Anwohner schluchzten vor dem ausgebrannten Wohnblock und nach dem Angriff am frühen Morgen stieg Rauch auf. Beamte sagten, mindestens vier Menschen seien dort und weitere sieben in den Lagerhäusern getötet worden. 28 wurden verletzt.

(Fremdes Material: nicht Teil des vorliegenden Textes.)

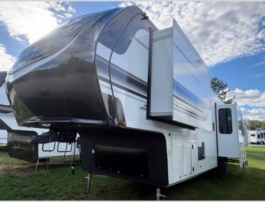 Sleeps 7 Slides 4 Length 42 ft 6 in Ext Width 8 ft 5 in Ext Height 13 ft 5 in Int Height 8 ft 5 in Hitch Weight 2911 lbs GVWR 19000 lbs Dry Weight 14603 lbs Fresh Water Capacity 83 gals Grey Water Capacity 106 gals Black Water Capacity 106 gals Tire Size ST215/75R17.5 LRH Furnace BTU 35000 btu Available Beds Queen, Folding Queen Refrigerator Type 12 Volt Refrigerator Size 16 cu ft Cooktop Burners 3 Shower Size 30" x 48", 30" x 36" Number of Awnings 2 Axle Weight 7000 lbs LP Tank Capacity 30 Water Heater Type Tankless AC BTU 30000 btu TV Info LR 50" LED Smart TV, BR 32" LED TVs Awning Info 11' and 15' 5" Power w/LED Lighting Axle Count 2 Washer/Dryer Available Yes Number of LP Tanks 2 Shower Type Standard Electrical Service 50 amp Solar Wattage 330 watts Similar Fifth Wheel Floorplans
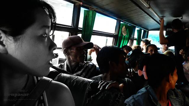 坐上公交,印尼人是不是很少见到中国人,我们有点觉得三人象稀有动物,由于我们订Hotel Rengganis (瑞格咖尼斯酒店)不在马里波罗大街,所以我们找酒店要比别人困难,坐了很久的小巴,当中还换了一辆,对了,这里的公交,只要你交了3K(1.7左右人民币),只要不出站,你就可以任意坐和转车,坐到出站为止,日惹这里的每一个公交站头都有一位工作人员负责买票和维持秩序,找到酒店不容易,公交车停在了离我们酒店最近的站头,但我们搞不清我们所处的方位,问了几个人好象也没能弄明白,烈日当空,三人背着重装在太阳底下行走,真有点受不了了,合计叫了辆客先死,谈价到10K,送我们去酒店。客先死这名取的顾名思义,客先死也就是人力三轮车,但他们的三轮车是乘客坐在前面,骑车的人在后面,所以万一撞车,乘客必先死,。
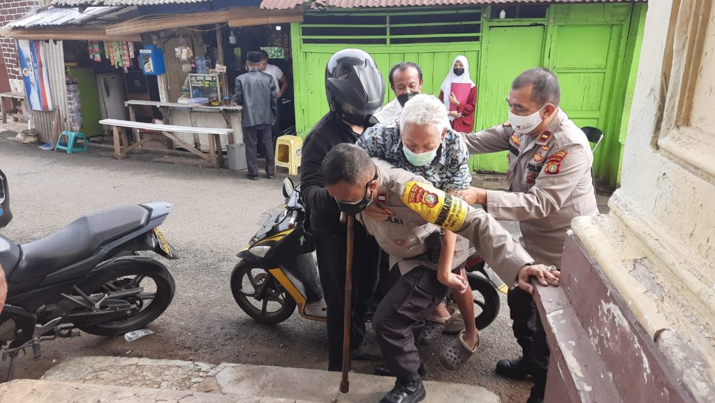 Tampak terlihat anggota personel polsek palmerah melayani warganya dan bahkan membantu masyarakat yang mengalami kesulitan seperti warganya yang sudah lanjut usia (lansia) dengan memapah / menggendongnnya hingga antar jemput
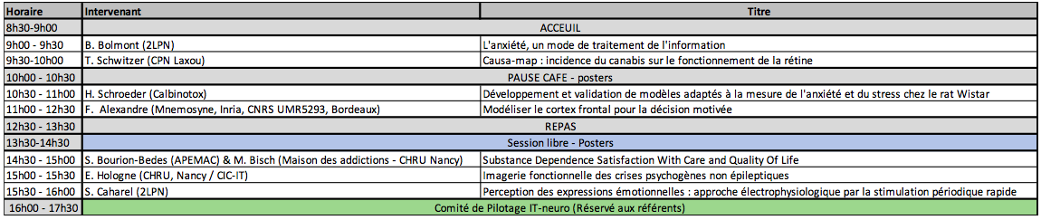 15Avr1 octobre 2019 By Laurent Bougrain 5ème séminaire du réseau IT-Neuro 5ème Séminaire du Réseau Lorrain de Recherche Interdisciplinaire et Translationnelle en Neurosciences Date : Jeudi 24 avril 2019 Lieu : Amphithéâtre de la Présidence de l’Université de Lorraine, Cours Léopold, NANCY
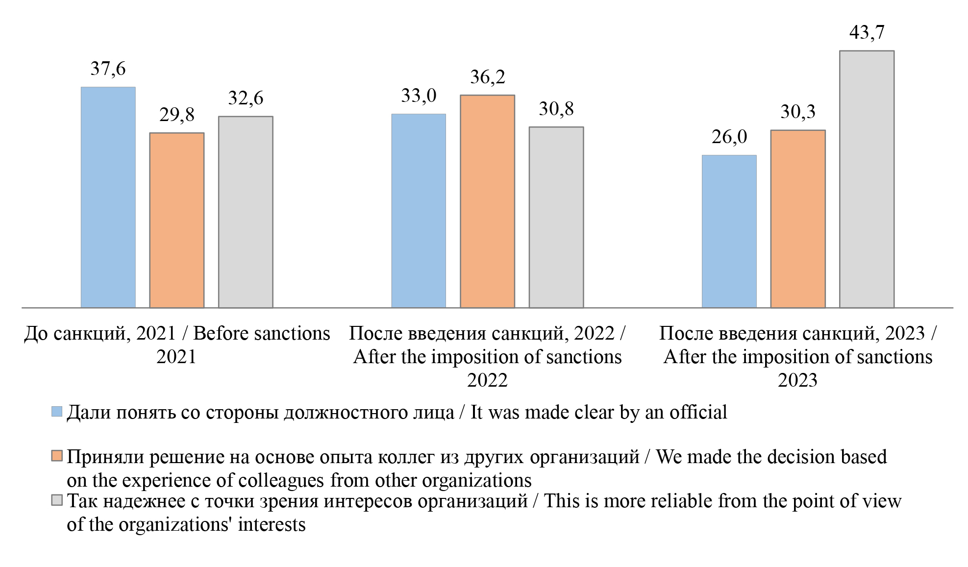3) в 2023 г. выросла мотивация, связанная с фактором обеспечения спокойствия для интересов организации, «так надежнее» (с 32,6 % в 2021 г., 30,8 ‒ в 2022 и до 43,7 % в 2023 г.) (рис. 3).
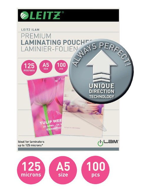 * Ultra Premium hoezen voor warmlamineren. * Hoogglans. * Leitz iLAM lamineerhoezen voldoen aan de hoogste vereisten voor bescherming van belangrijke documenten en presentaties. * Geen zorgen meer! De Unique Direction Technoloy verzekert een perfect resultaat. * Lamineren is zeer eenvoudig met Unique Direction Technology - plaats het document in de hoes en voer het in de lamineermachine in - pijltjes op de hoes tonen de juiste invoerrichting en verdwijnen na het lamineren. 1 pak x 100 stuk
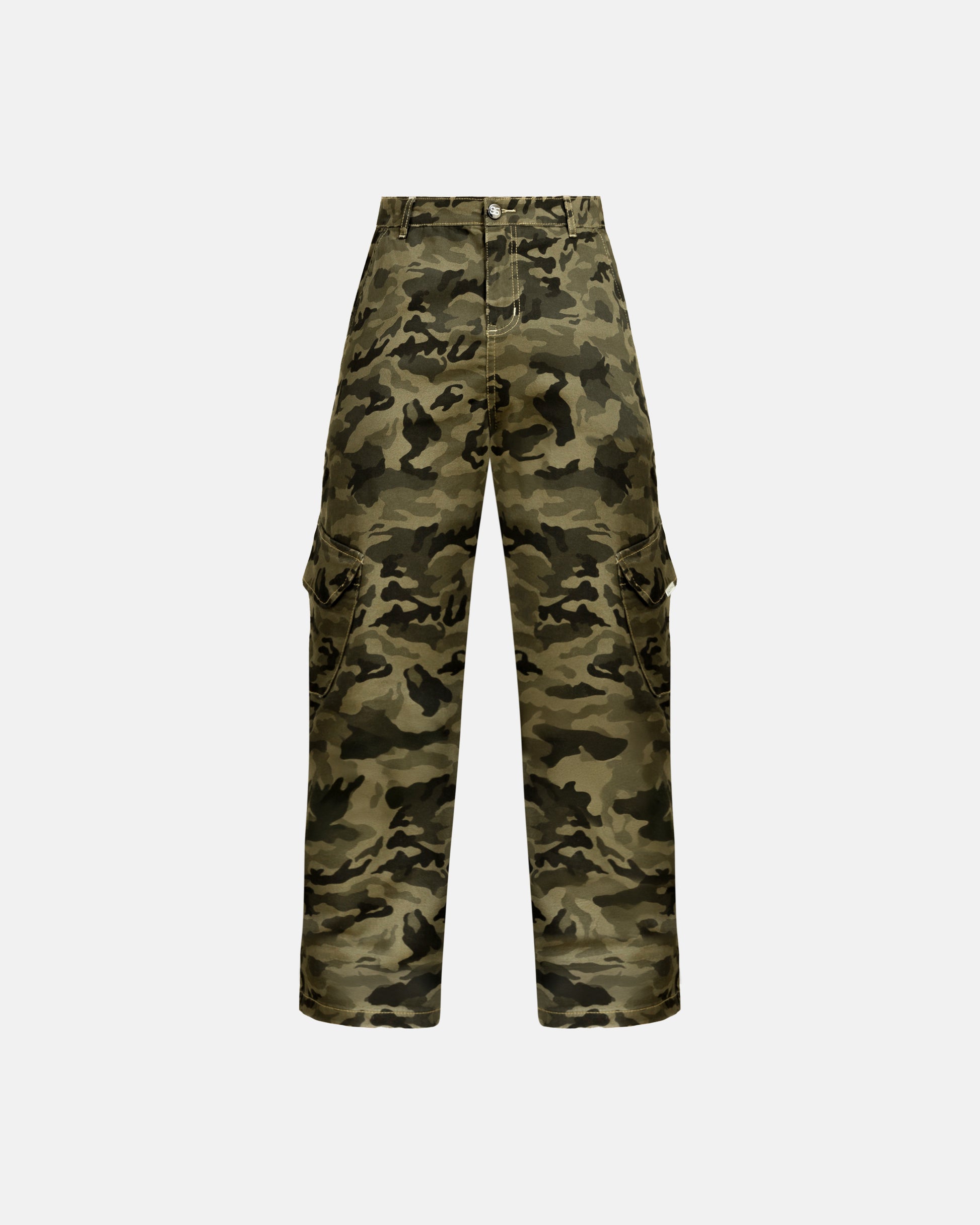 Pantalon cargo camuflado, Fit recto con bolsillos laterales, Hecho en Drill con acabados premium.
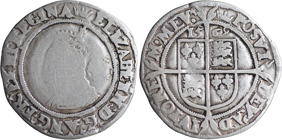 ELIZABETH I. 1558-1603. Sixpence. Third and Fourth issue (1561-1577). Intermediate bust 4B, ear shows. 1569 mm Coronet. Spink # 2562. |
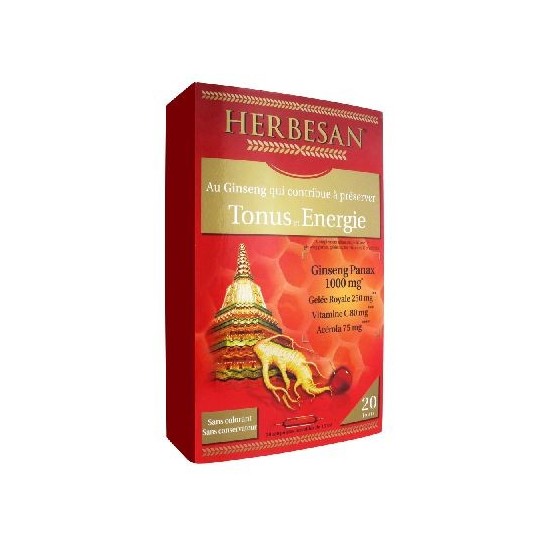 Herbesan Tonus et Energie 20 Ampollas es un complemento alimenticio a base de Panax ginseng, jalea real, Vitamina C y acerola, que ayuda a mantener el tono y la energía durante todo el día. Este complemento alimenticio contiene :

Überlebende beschrieben zwei Explosionen. Olha Chernousova sagte, sie sei von einer heftigen Druckwelle aus ihrem Bett geschleudert worden. Sie flüchtete auf ihren Balkon, um auf Retter zu warten. „Ich dachte, ich müsste auf einen Baum springen.“
Moskau bestreitet absichtliche Angriffe auf Zivilisten, hat jedoch wiederholt Wohnhäuser mit Langstreckenraketen beschossen, oft an vermeintlichen Wendepunkten im Krieg. Es tötete vor sechs Wochen zu Beginn einer verstärkten Kampagne von Drohnen- und Raketenangriffen im Vorfeld der ukrainischen Gegenoffensive 25 Menschen in einem Wohnblock in der Innenstadt von Uman.